I have a set of seven Reolink security cameras that I’ve used with Zoneminder for a long time. They’re hooked to a beastly computer (6-core E5-2620 with 128GB of ram) so I have no problem scaling up the shared memory area so ZM can do its thing. Anyway, I’ve run it with dlandon’s object detection docker and recently he deprecated the docker image I was using so I took the opportunity to fully evaluate other options.
Primarily, I was interested in seeing if I could find something else that was also docker-based but would work quickly/easily with GPU and/or TPU offloading. Well, eventually I realized that was a fruitless endeavor. I think ZM probably still wins at this point even though I spent a good chunk of today trying to get it working without success.

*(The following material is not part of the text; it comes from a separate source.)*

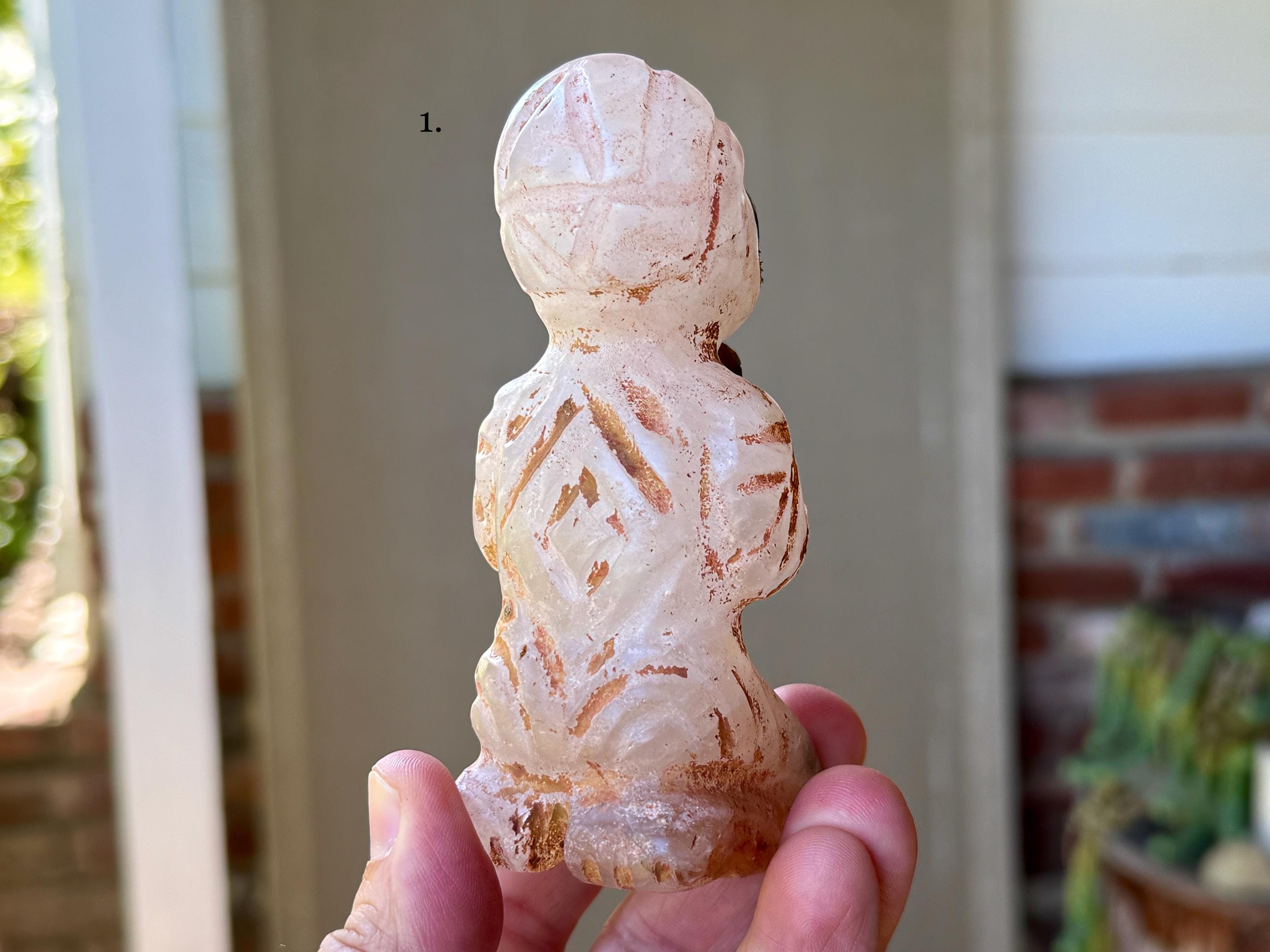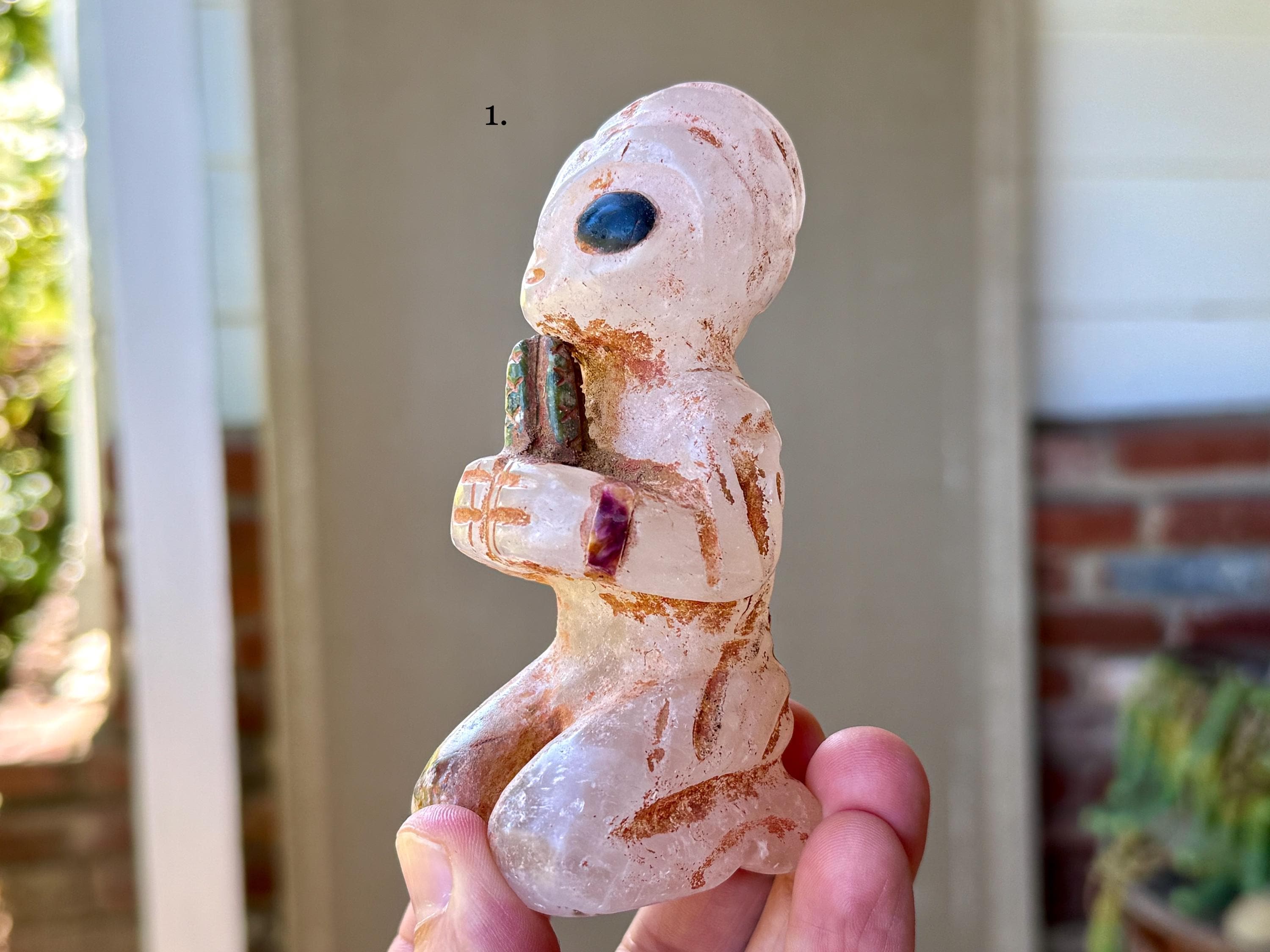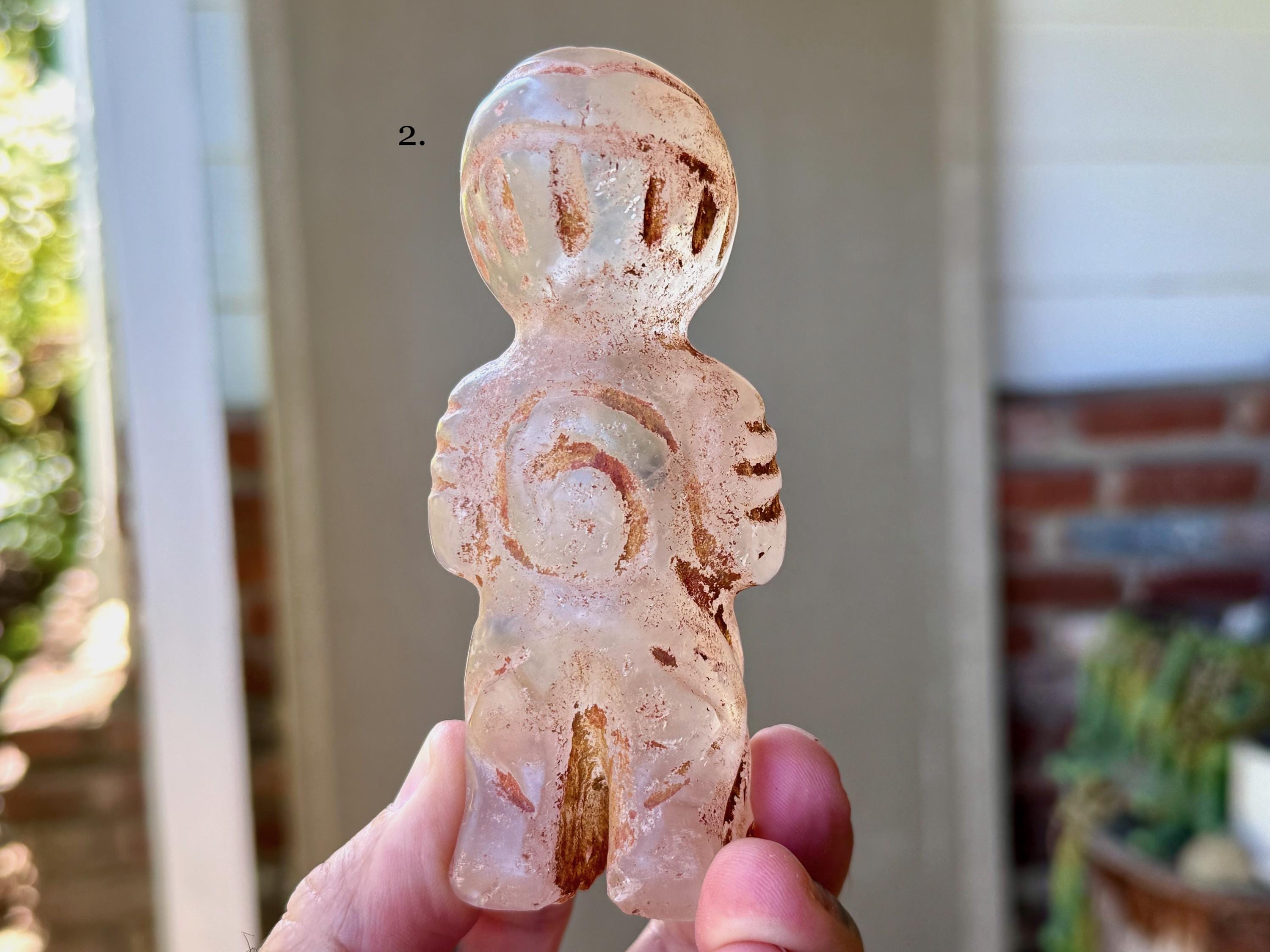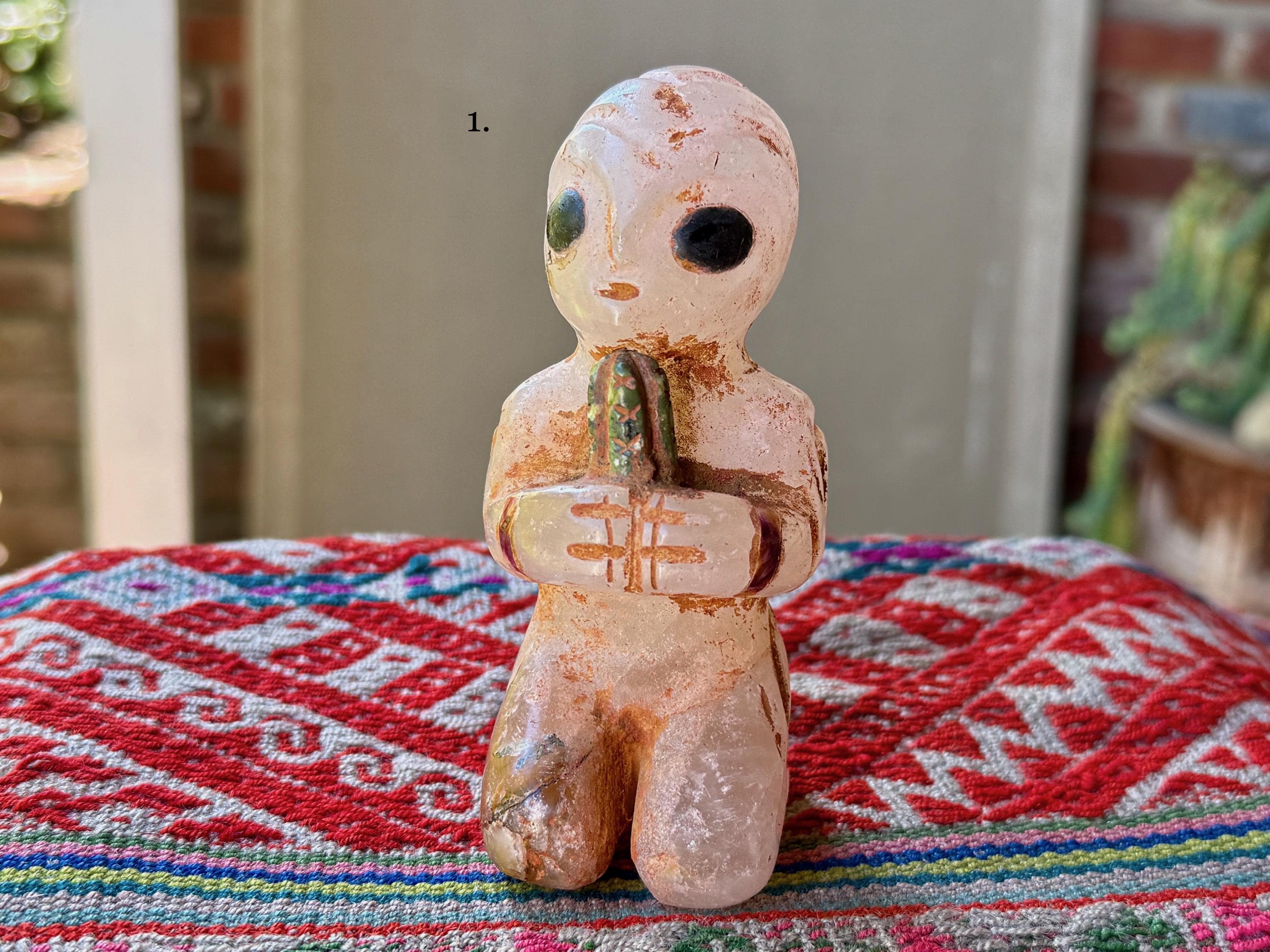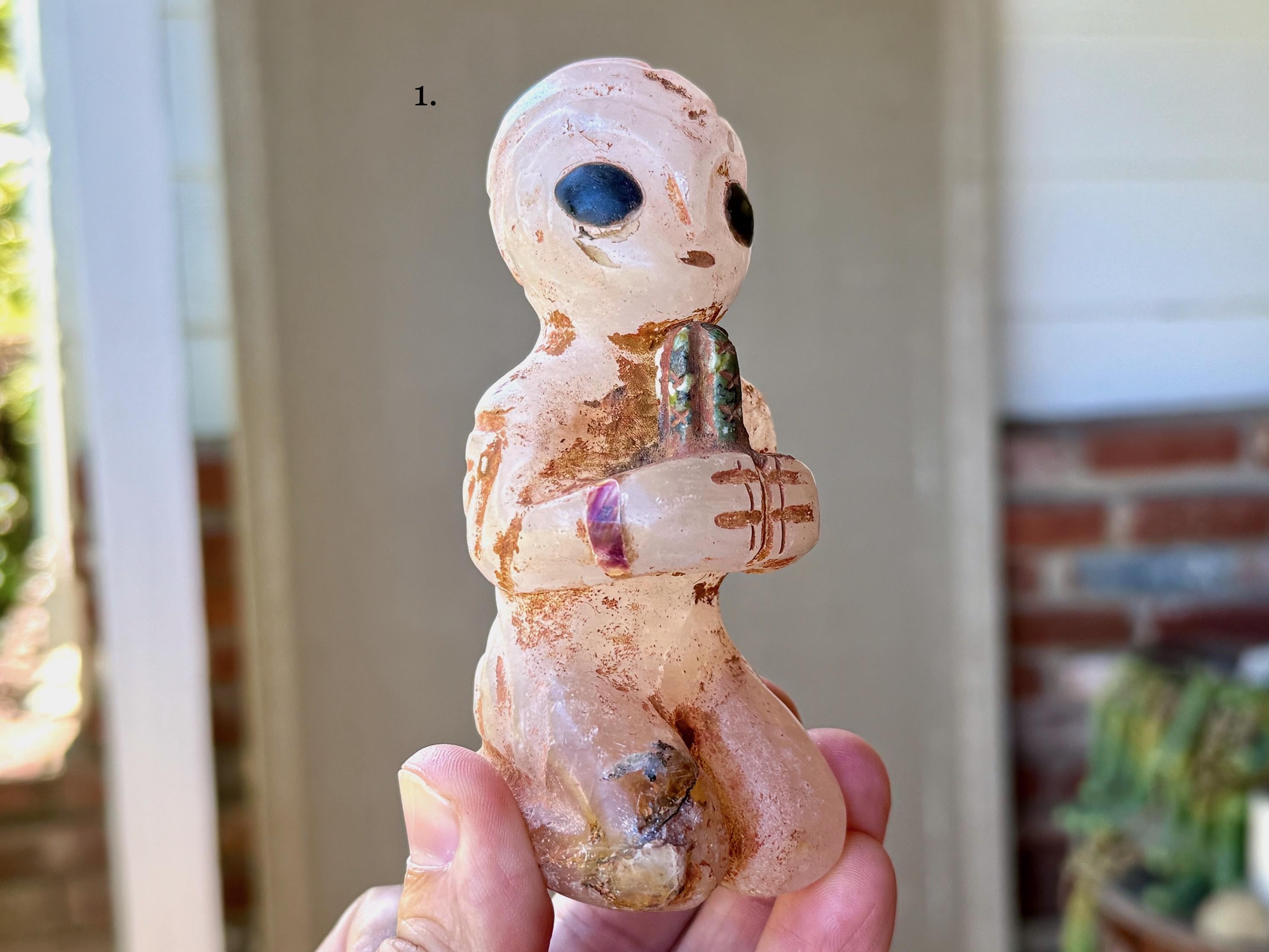 The bodies are made of native Quartz, the eyes are Obsidian inlays, and they hold "Grandfather" cactus which is carved from native Serpentine. On the wrists are bands that appear to be made from some type of seashell. The artist uses a special weathering process to give each an ancient patina. Each comes with its own high-quality woven bag for safe storage.

I’m going to come out and say: I’m probably biased to ZM since I’ve used it for so long but I did try to give each package a fair shake because I was fully intending to switch to something else. In fact, I ran Motioneye on the machine for the last week but ended up switching back to ZM today because it isn’t as feature-rich.
I put together this table of my experiences so I could try to record the things I found good and bad for each package. After I created the table, I decided I’d tabulate where I thought each package performed well and see how they measured up. This was the result:
Category | Zoneminder | Motioneye | Shinobi | Winner |
---|---|---|---|---|
Language | Perl, PHP | Python | Javascript | Motioneye |
Open Source | Yes | Yes | Not really, weekly nag screen to dismiss, also riddled with licensing options | Zoneminder/Motioneye |
ONVIF | failed looking for cameras | works well, found all my cameras but used rtsp stream instead of rtmp | Shinobi | |
Mobile App | zmNinja - fully functional - different interface | Motion Eye - look and feel just like web app | Must pay for license to use – didn’t evaluate | Motioneye |
Camera trigger | excellent support -advanced zoning config, alarmed/filtered/blobed - capturing depends on trigger | mediocre support for triggering has object detection OOTB but requires significant CPU (had to reduce resolution) | terrible trigger support: front-edge one-shot trigger only, then timer-based video recording. Supports zones but not advanced triggering like ZM | Zoneminder |
Audio support | yes, but not to trigger camera | none | yes, and to trigger recording! | Shinobi |
Web Interface | Tons of options because ZM has been around a long time. Front page shows all camera’s states at a glance. Various ways to review recordings. | Clean and snappy! Well organized option set, but limited configuration options. | Lots of options but layout, navigation, and feel is terrible. Power video viewer for recordings is terrible. Copy option tree to other cameras is a VERY nice feature. | Zoneminder |
CPU demand | 5.5 load average (full-res 2.8-3MP @ 10fps) | 3.5 load average (all cameras scaled down to 1024x768 @ 10fps) - CPU overrun at full-res | I think performance was good but I couldn’t tell if trigger/detection was working until my disk was full of recordings of nothing | Zoneminder |
Backup/Restore | Manual SQL: mysqldump, mysql redirect import | Button to save and restore to tar.gz file, works great! | Attempted json export, setup new docker instance use import and it failed | Motioneye |
Integration with HA | Works very well, camera views and camera controls, even obj. detection and alert via mqtt with zmeventnotifier | Frenck’s integration allows for viewing the camera frame and works well but no camera controls | Frenck had developed an integration for this but dropped it in favor of Motioneye because the Shinobi development was too progressing slow | Zoneminder |
Learning curve | Steep - difficult to set up and configure | Low - meaningful options but also low configurability | Moderate - options and verbiage in config aren’t very clear | Motioneye |
My opinion: The bad | Antiquated interface. Unable to get addon GPU offload CUDA working, yet. | Front page interface is montage and first click does nothing, second click allows on-screen selection of options. | Could not tell when a camera was recording. Could not get notification of camera trigger to work. | |
My opinion: The good | Solid performance, solid support. | Single multithreaded process. E-mail notification works and was simple to configure. | It’s hard to find something good here. :-/ | |
My total winner count | 5 | 5 | 2 |
As you can see, from my judgement, it ends up being a tie. I was surprised by that result but I’d add that if you want something you can just setup and forget about, Motioneye is probably the answer. If you want something that is highly configurable with some amount of pain then ZM is your huckleberry.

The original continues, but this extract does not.